A new milestone in the fight against pediatric cancer

This week, Novartis received US FDA approval for our chimeric antigen receptor T cell (CAR-T) therapy that was developed with the University of Pennsylvania, for the treatment of  patients up to 25 years of age with B-cell precursor acute lymphoblastic leukemia (ALL) that is refractory or in second or later relapse. This approval marks a historic moment in the fight against cancer. The process involves taking T cells from the patient’s own blood, reprogramming them in the lab to recognize and fight the cancer cells, and then reinfusing them back into the body.

This is also a historic moment for how our industry prices medicines. Novartis has announced a novel collaboration with the US Centers for Medicare and Medicaid Services (CMS), which is intended to include indication-based pricing for medicines and support payments for a medicine based on the clinical outcomes achieved.

Additionally, for this first indication, we will offer a unique outcomes-based approach that would allow for payment only when pediatric and young adult ALL patients respond to this therapy by the end of the first month. I am proud that Novartis is working with CMS on this first-of-its-kind collaboration, and we look forward to continuing to work with CMS to potentially expand this approach to other products and disease states.

These are important milestones for patients and their families, as well as for our team and partners who worked tirelessly to get here.
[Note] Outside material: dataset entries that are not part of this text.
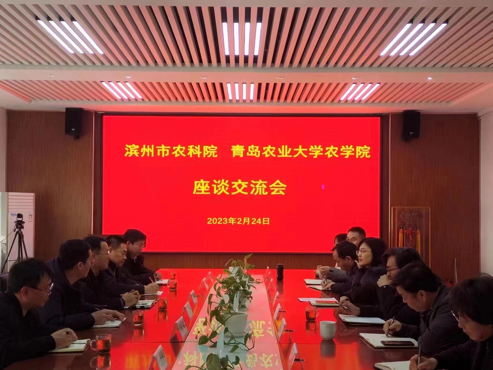 2月24日,滨州市农科院党支部书记刘树泽、副院长王子强、滨州市农业农村局科长任增凯等一行到访beat365,双方在beat365会议室进行了座谈交流,我院党委书记马伟萍、副院长刘义国、赵长星、张恩盈、教师代表刘家斌、姜雯、郭卫卫参与本次座谈交流会。会议由副院长刘义国主持。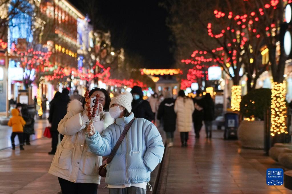 游客在懸掛春節燈飾景觀的前門步行街休閑(1月15日攝)。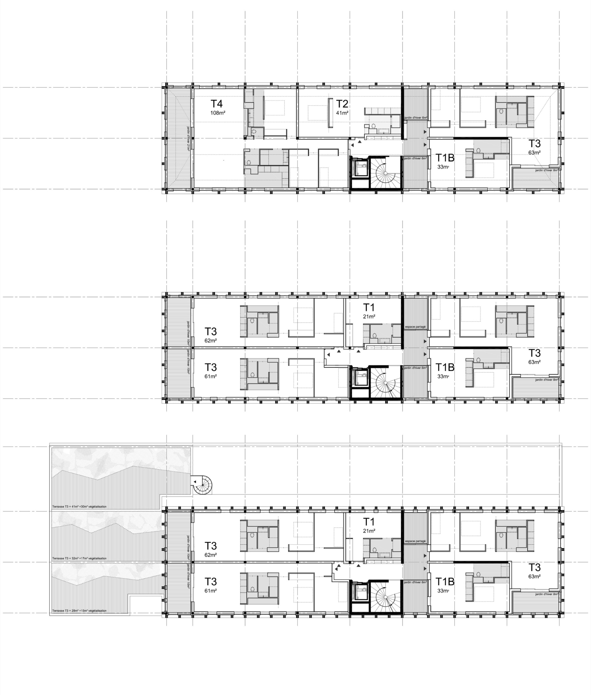 A strong architecture by adopting a principle of progressiveness in height and width of the windows to assert a building soaring towards the sky, thus increasing its verticality. A strong architecture by containing all the exterior spaces of the dwellings in the built volume by the creation of winter gardens. A strong architecture by offering housing with very open functioning and multiple uses around a wet core, offering everyone maximum appropriation. A strong and demanding architecture so that everyone can live the softest possible life.

This therapy treats very sick children who are often out of options and are about to die. They’re children who shouldn’t be fighting cancer, but should be out enjoying a normal childhood.

Take Emily Whitehead, for example. Diagnosed at the age of five, Emily was on the brink of death after her ALL relapsed and she wasn’t responding to existing treatments. Her parents were told by the local hospital that Emily’s only option was hospice care, but they refused to accept this. They called the Children’s Hospital of Philadelphia and learned that she could be the first child enrolled in the clinical trial for this therapy. Although she did suffer some serious side effects and a high fever, her father Tom got the call that there was no evidence of cancer in her bone marrow biopsy just 23 days after Emily received her reprogrammed T cells. He says it was the best call he ever received. Today, Emily is still in remission. She is living the life of a typical girl, and is at the top of her class academically.  
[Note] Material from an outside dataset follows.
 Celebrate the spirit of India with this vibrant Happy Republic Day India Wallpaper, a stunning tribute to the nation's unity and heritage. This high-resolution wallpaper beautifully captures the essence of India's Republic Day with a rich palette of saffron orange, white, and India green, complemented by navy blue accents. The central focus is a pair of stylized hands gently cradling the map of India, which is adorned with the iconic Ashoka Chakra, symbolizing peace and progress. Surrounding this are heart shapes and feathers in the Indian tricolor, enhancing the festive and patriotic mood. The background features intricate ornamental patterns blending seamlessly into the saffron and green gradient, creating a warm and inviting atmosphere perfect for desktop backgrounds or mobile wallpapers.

Stories like Emily’s inspire us at Novartis, pushing us to do everything we can to help patients. I’m often asked what I like most about leading a healthcare company – it is moments like this, when we can give people suffering with illness the potential to think about doing things they’ve only imagined before. It is my hope that this is just the beginning of a new era of cancer care, and that this new technology will become a platform to find other therapies for patients in need.